Imagine you’re building a new social media platform. You don’t want to show posts in purely chronological order, but you also want to avoid the engagement traps that social media platforms suffer from — the fact that the posts most likely to catch your eye today often make you feel worse tomorrow.
So how should you design your metrics and recommendation system?
Product Principles
Picture a world, for example, where…
- You log onto Facebook, and the first post you see is your mother making a favorite dish from your childhood. You reach out to get the recipe, and share a video of yourself recreating it with her the next day. What if posts like these — that brought you closer to your friends and family — were the pinnacle of News Feed?
- You log onto Twitter, and you click on the latest trend about a US Supreme Court decision. Instead of the usual memes and insults, you find fascinating discussion: a firsthand take from Biden, debate from politicians on the other side, and insightful commentary from affected people on the street.
In this world, each social media feed has a principled product objective that it’s optimizing for rather than blindly showing you the type of content you happen to click on the most. What, for example, if YouTube cared about making you smile, even if you spent less time on the site overall?
The Engagement Problem
First, what are the problems with engagement-based metrics and why do we need to optimize for something else?
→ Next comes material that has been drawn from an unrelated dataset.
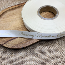 Designed for narrow applications, this 10mm ribbon is ideal for printed text, simple logos, or branding. Whether you’re wrapping wedding favours, decorating Christmas baubles, or adding a branded touch to handmade gifts, this ribbon delivers a refined, professional look.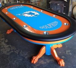 Stalas, ant kurio žaidžiamas pokeris.

Let's consider Facebook.
In 2018, Facebook switched its objective to increasing Meaningful Social Interactions — essentially, engagement (comments, likes, shares, and so on) from friends and family. If Facebook thought a post would create a lot of engagement between you and your uncle, it would rank it at the top of your feed.
The problem: engagement isn’t necessarily a positive sign! The most engaging content is often the most toxic. If your uncle shares a clickbait video that you hate, you’re compelled to leave an angry comment, which compels him to insult you back in turn. And since those (angry) comments increase MSI, the News Feed algorithm learns to show you even more.
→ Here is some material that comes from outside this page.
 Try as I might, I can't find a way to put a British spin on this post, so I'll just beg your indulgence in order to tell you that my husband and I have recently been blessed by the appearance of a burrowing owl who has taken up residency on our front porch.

For example, here are the current top comments on Joe Biden’s Facebook page.
These examples aren’t outliers: data scientists would regularly find that experiments with the largest MSI impact also boosted low-quality content the most. Rather than strengthening quality connections with your friends and family, News Feed often hurt them instead.
And this wasn’t just a Facebook problem — I worked at YouTube and Twitter too, and these issues were prevalent across the board.
A Search Analogy
If engagement-based metrics are the problem, what’s the solution?
There’s a deep analogy with search engines. Just as commenting on a post doesn’t mean you enjoy it — maybe it made you so angry you want to viciously insult the poster — clicks on search pages aren’t necessarily a sign of good results either.
For example, when you search for when was barack obama born?, ideally the answer is displayed at the top of the search result page itself. Clicking is a sign of failure, and there’s no guarantee that the page you click on contains the answer anyways.
A search engine that optimizes for clicks and engagement would be a poor search engine indeed. And that’s why many search engines like Google and Bing use human evaluation instead. In short, they ask trained human raters to rate the relevance of <search query, search result> pairs; instead of optimizing for clicks, this “human evaluation”-based relevance score is one of their core metrics instead.
For instance, here’s an example of this approach that compares Google and Bing:
In other words, Google knows that clicks aren’t a good signal, so it asks human raters to score exactly what it cares about: search relevance.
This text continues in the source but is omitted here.